Hong Kong: Former Australia Test captain Steve Waugh has thrown his weight behind Twenty20 cricket becoming an Olympic sport, saying it would help globalise the game.
"The idea of Twenty20 cricket at the Olympics is definitely worth pursuing," he told the South China Morning Post.
"If you want to globalise the game then you have to look at including countries like China and the United States, and getting cricket into the Olympics will fast-track that move."
BATTING FOR THE GAME: Waugh feels Twenty20 cricket is on the verge of becoming a huge global success.
In December last year, cricket was give the status of "recognised sport" by the International Olympic Committee for two years.
The honour is usually granted to sports that are not part of the Olympic programme but conform to its ideals of youth promotion and anti-doping policies.
Cricket was last seen at a major multi-sport event at the 1998 Commonwealth Games in Kuala Lumpur, but was dropped for the next two editions in England and Australia.
Waugh played in Kuala Lumpur, when Australia won gold.
"I had the time of my life at those Games. Winning the gold medal was one of the highlights of my career," said the 43-year-old, who played 168 Tests for Australia, including 57 as captain.
He added that he felt Twenty20 cricket was on the verge of becoming a huge global success.
"Twenty20 is going through a honeymoon phase at the moment," he said. "But in the next few years, I believe it will become a worldwide phenomenon."

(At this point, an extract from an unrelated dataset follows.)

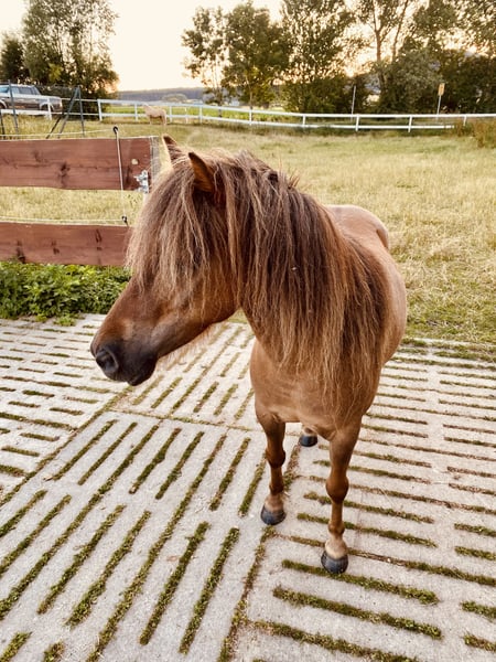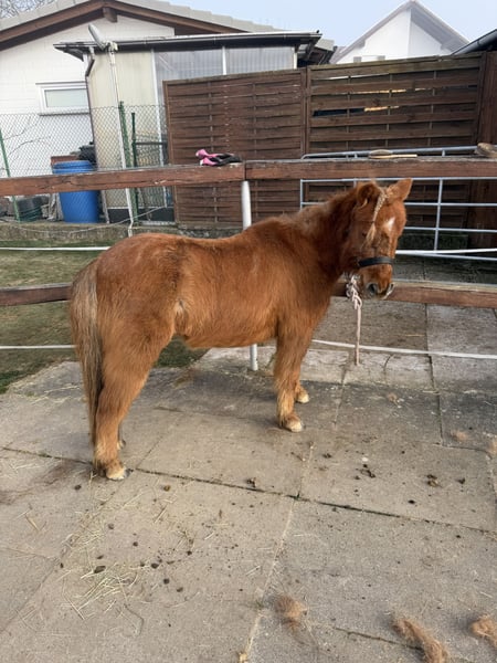 Schweren Herzens suchen wir einen entsprechenden, liebevollen Platz für unseren Teddy (sein Name im Pass lautet Lendorfs Varo) Das ist Teddy: - Dt. Partbred Shetland Pony - Wallach - 11 Jahre (06.2014) - Dunkelfuchs mit langer Mähne - Schlanke Figur, kein typisches Moppelpony (Stckm 1m und wiegt ca 180kg) KEIN Kinderpony !!! - Im Winter macht er seinem Namen alle Ehre , typisches Shetty Winterfell - Sozial, eher rangniedrig, sehr verspielt, neugierig, folgt einem auf Schritt und Tritt - Kennt anbinden, putzen, longieren (auch am Kappzaum), Arbeit im Roundpen, spazieren gehen, liebt Freiarbeit - War in 2025 zur professionellen Fahrausbildung und kennt es zweispannig gefahren zu werden, dort ist er sehr fleißig (anfangs noch eher ungeduldig) - sehr lauffreudig , viel Energie , fleißigen Schritt - Hatte im Mai 24 einen Hufreheschub, wurde geröntgt und Hufe dementsprechend angepasst durch Bearbeitung, brauchte und hat aber kein Beschlag und seitdem auch nie wieder was gehabt. - Zähne jährlich von Zahnärztin gemacht - Vollständig geimpft und entwurmt - Nur in Offenstallhaltung oder Paddocktrail abzugeben - Teddy ist es gewohnt Heu und Stroh aus Netzen zu fressen - Er verträgt stundenweise Wiese, am besten überständiges zuckerarmes Gras im Hochsommer , und kein typisches Weidelgras im Mai ! - Als Einstreu kennt er Leinenstroh, Weizenstroh , Strohpellets oder auch Späne und er liebt Knabberäste - Er kennt Verkehr, Landmaschinen (die mag er nicht so doll, aber rennt nicht weg!) und Hund, Katze, Hühner, Gänse, Lamas, Rinder usw - Teddy ist nicht professionell eingeritten, meine Tochter (3 J) saß schon ab und zu drauf ABER er ist nicht als Kinderpony geeignet, auch aufgrund seiner Energie und seines Charakters nicht. Speziell gegenüber kleinen Kindern ist er sehr respektlos ! - Er ist verschmust, liebt lange Krauleinheiten, putzen mag er sehr gern, Hufe geben geht hinten nicht einwandfrei ! - E-Zaun sicher, wenn ordentlich Strom drauf ist! - Kein Ekzemer! - Es ist kein Notverkauf, sondern ich wünsche mir für Teddy ein absolut 100% passendes „für immer Zuhause“ - Wir geben ihn nur ab weil es mit unseren Kindern nicht funktioniert ! - Bei ernsthaftem Interesse bitte ich um kurze Vorstellung per Nachricht, gerne schicke ich auch weitere Bilder und Videos und wenn alles soweit passt kann es selbstverständlich zu einem Kennenlernen kommen :-) - Platz vor Preis

His comments follow those of his former Australia teammate Adam Gilchrist, who in a column for Monday's edition of Deccan Chronicle wrote: "Take it from someone who has won almost everything cricket has to offer - the Olympics is the absolute pinnacle in sport. The chance to stand on top of the Olympic podium, to wear an Olympic gold medal and the pride of belting out your national anthem would be a life-changing money-can't-buy experience."

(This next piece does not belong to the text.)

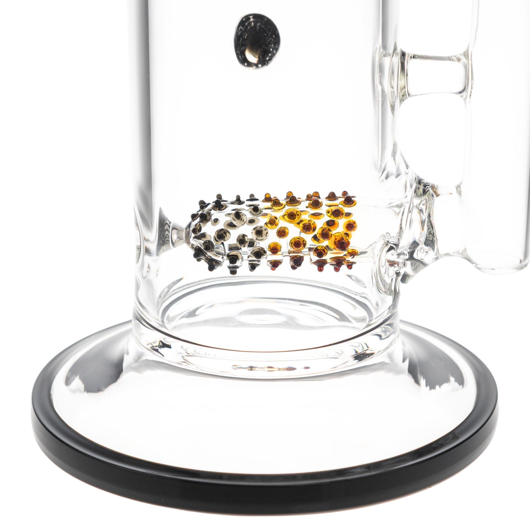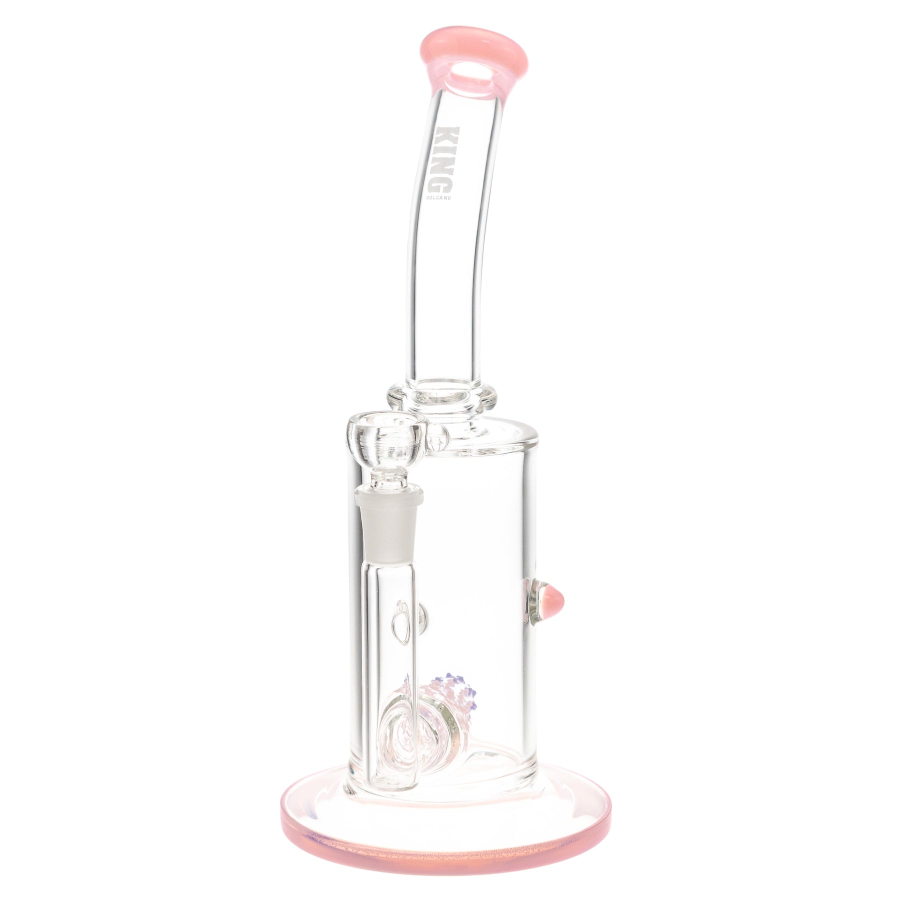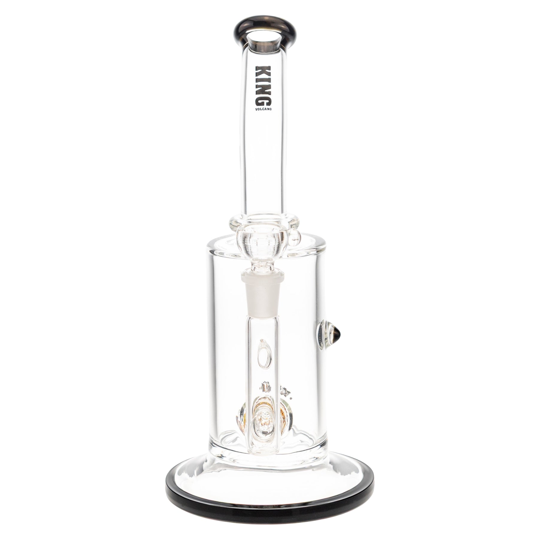 The King Volcano 65mm x 12in Flare Inline Water Pipe combines powerful diffusion with a sturdy, compact design. Made from thick 5mm American glass, it features a fixed inline percolator for smooth, evenly filtered hits. The wide 4.5-inch base ensures excellent stability, while the shape enhances airflow and smoke capacity. Standing 12 inches tall, this piece delivers durability, balance, and premium performance in a clean, functional form.

Waugh, one of three mentors for the Australian Olympic team along with former Wallabies captain John Eales and gold medal-winning rower Kate Allen, was in Hong Kong to see the Australian equestrian team.
"I have 11 sports assigned to me and equestrianism is one of them," he told the newspaper.
"I met the team. I was asking most of the questions. It was not about me telling them how to ride a horse but really talking about how to handle pressure situations."